== About this exercise ==
From the records below, transcribe exactly the lines that begin at the line with "LL BEAN SIGNATURE" and end at the line with "Note: Lettice Barbara", both included.

-- Data shown follows --

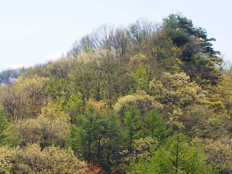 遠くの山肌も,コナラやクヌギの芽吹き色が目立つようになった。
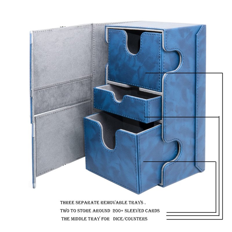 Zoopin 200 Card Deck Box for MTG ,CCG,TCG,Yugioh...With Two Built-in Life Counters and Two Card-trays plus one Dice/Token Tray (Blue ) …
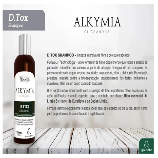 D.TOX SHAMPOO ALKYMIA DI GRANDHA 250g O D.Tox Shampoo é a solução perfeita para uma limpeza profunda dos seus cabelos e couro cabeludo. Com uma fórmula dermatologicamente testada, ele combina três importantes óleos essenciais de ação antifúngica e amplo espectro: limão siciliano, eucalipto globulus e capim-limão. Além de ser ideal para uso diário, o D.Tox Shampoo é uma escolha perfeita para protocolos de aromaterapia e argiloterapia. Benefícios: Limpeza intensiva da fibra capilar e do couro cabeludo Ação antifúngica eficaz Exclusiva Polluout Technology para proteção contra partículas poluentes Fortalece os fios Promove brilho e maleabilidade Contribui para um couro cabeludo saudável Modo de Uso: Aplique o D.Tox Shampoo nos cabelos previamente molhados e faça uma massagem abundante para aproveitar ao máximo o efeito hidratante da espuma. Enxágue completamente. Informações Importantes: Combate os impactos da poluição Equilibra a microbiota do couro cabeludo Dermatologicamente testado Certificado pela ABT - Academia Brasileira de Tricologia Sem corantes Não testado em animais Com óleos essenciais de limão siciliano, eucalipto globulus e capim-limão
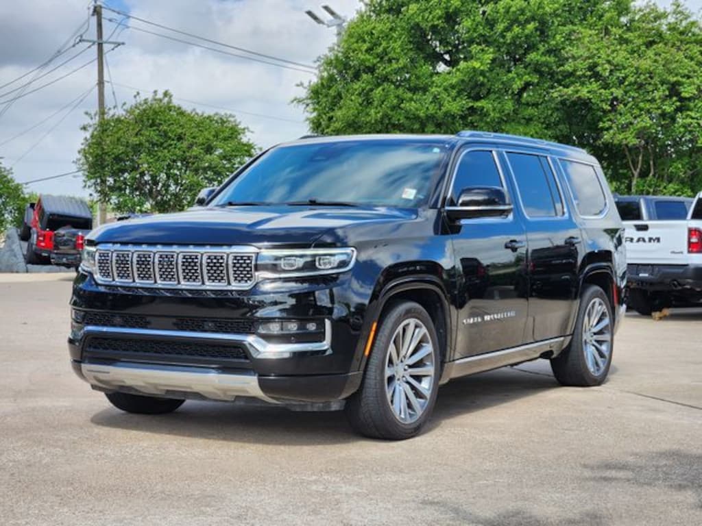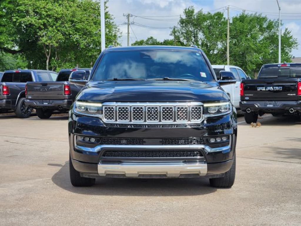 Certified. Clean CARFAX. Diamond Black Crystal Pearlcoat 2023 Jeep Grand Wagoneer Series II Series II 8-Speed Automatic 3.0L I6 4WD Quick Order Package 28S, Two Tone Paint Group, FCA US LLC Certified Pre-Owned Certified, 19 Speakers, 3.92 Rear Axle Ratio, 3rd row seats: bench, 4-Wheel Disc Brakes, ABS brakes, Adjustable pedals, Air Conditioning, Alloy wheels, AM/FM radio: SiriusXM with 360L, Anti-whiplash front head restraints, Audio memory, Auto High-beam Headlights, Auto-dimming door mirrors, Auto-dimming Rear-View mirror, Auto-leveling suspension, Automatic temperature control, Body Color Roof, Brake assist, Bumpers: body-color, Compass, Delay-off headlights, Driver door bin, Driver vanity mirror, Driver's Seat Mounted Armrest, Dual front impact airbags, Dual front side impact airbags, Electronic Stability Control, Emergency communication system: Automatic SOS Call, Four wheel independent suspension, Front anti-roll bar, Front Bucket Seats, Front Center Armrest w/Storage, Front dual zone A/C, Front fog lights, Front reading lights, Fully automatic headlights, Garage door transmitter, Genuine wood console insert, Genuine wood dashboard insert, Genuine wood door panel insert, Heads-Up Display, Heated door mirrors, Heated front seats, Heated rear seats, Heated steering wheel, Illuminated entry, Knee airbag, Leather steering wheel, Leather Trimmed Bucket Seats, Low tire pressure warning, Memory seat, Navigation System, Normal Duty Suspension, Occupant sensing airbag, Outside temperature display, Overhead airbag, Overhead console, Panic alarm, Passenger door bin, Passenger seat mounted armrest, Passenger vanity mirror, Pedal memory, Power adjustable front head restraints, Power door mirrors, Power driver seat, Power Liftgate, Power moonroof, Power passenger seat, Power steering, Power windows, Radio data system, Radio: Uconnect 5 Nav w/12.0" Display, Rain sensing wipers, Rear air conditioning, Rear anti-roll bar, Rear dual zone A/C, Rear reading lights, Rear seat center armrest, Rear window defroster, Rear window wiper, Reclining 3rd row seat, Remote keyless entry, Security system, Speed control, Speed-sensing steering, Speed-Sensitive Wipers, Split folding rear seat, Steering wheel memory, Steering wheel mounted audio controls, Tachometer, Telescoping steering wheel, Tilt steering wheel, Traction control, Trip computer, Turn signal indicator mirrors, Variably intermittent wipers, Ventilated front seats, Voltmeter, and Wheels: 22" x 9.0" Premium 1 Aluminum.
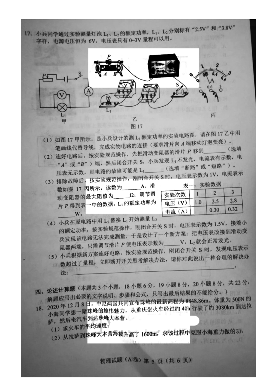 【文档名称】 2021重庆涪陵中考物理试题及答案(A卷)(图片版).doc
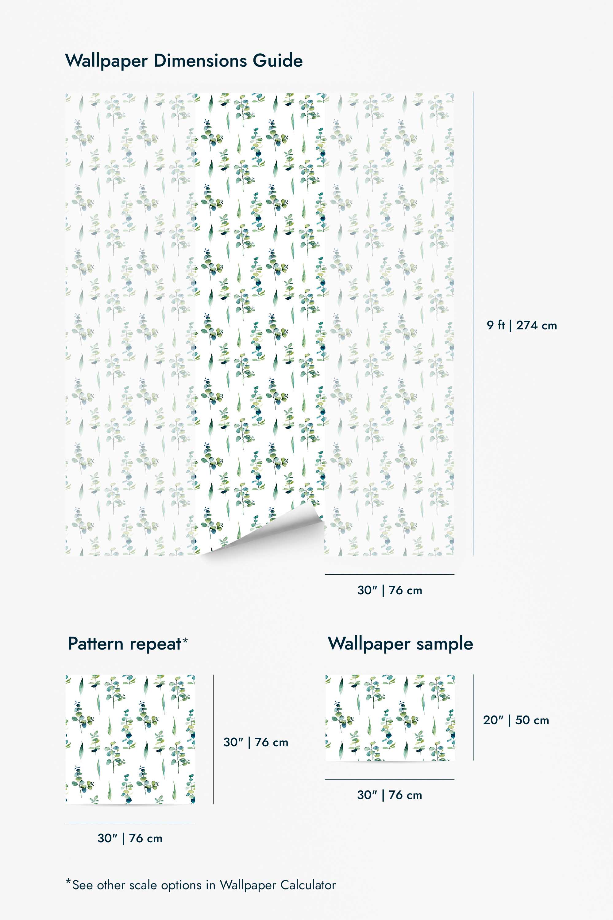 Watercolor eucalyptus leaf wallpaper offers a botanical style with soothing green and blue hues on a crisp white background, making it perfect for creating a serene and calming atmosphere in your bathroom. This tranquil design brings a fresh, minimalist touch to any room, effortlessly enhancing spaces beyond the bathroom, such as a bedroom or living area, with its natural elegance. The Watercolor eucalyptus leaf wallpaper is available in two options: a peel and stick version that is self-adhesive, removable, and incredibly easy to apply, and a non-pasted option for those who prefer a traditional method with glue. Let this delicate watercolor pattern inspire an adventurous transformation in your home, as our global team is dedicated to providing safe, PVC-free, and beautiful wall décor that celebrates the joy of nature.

-- Data shown concluded --
-- Data shown follows --

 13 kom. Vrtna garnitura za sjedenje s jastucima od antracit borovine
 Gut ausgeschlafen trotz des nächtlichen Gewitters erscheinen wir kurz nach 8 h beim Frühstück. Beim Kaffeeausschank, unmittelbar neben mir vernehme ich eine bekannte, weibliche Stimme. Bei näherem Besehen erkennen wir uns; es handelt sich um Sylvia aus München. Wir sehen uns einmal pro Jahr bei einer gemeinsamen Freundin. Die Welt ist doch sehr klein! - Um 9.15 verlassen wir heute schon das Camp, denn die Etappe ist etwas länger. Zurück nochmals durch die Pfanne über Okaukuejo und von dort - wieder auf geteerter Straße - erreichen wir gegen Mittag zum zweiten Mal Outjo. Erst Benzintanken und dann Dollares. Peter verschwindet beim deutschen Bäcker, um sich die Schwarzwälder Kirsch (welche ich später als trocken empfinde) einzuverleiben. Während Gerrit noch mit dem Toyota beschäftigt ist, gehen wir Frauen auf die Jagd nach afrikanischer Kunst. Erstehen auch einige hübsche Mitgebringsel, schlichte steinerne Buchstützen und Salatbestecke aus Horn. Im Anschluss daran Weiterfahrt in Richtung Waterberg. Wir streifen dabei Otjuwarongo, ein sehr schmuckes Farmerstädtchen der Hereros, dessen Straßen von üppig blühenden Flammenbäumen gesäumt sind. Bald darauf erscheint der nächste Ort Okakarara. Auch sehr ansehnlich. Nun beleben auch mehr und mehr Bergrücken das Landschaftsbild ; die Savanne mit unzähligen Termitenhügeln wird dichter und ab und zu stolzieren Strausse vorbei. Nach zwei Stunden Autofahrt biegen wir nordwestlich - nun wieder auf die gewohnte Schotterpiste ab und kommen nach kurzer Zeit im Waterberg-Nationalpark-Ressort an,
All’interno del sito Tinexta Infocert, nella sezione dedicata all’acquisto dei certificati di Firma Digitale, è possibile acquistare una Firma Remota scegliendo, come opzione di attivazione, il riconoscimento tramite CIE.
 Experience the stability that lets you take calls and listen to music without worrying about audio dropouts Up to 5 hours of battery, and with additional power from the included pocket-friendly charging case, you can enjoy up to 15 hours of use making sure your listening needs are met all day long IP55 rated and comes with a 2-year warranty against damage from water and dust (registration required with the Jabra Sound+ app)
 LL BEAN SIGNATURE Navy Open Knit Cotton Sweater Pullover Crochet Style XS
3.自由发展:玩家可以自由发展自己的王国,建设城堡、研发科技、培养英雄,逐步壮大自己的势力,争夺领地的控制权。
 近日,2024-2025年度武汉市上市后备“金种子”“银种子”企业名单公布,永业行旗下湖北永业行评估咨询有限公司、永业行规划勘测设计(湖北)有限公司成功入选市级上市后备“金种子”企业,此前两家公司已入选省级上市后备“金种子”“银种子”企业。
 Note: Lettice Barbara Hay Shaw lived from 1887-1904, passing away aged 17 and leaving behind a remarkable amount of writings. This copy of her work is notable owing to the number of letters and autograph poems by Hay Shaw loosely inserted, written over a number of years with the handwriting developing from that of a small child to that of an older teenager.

-- Data shown concluded --

== Response area ==
 LL BEAN SIGNATURE Navy Open Knit Cotton Sweater Pullover Crochet Style XS
3.自由发展:玩家可以自由发展自己的王国,建设城堡、研发科技、培养英雄,逐步壮大自己的势力,争夺领地的控制权。
 近日,2024-2025年度武汉市上市后备“金种子”“银种子”企业名单公布,永业行旗下湖北永业行评估咨询有限公司、永业行规划勘测设计(湖北)有限公司成功入选市级上市后备“金种子”企业,此前两家公司已入选省级上市后备“金种子”“银种子”企业。
 Note: Lettice Barbara Hay Shaw lived from 1887-1904, passing away aged 17 and leaving behind a remarkable amount of writings. This copy of her work is notable owing to the number of letters and autograph poems by Hay Shaw loosely inserted, written over a number of years with the handwriting developing from that of a small child to that of an older teenager.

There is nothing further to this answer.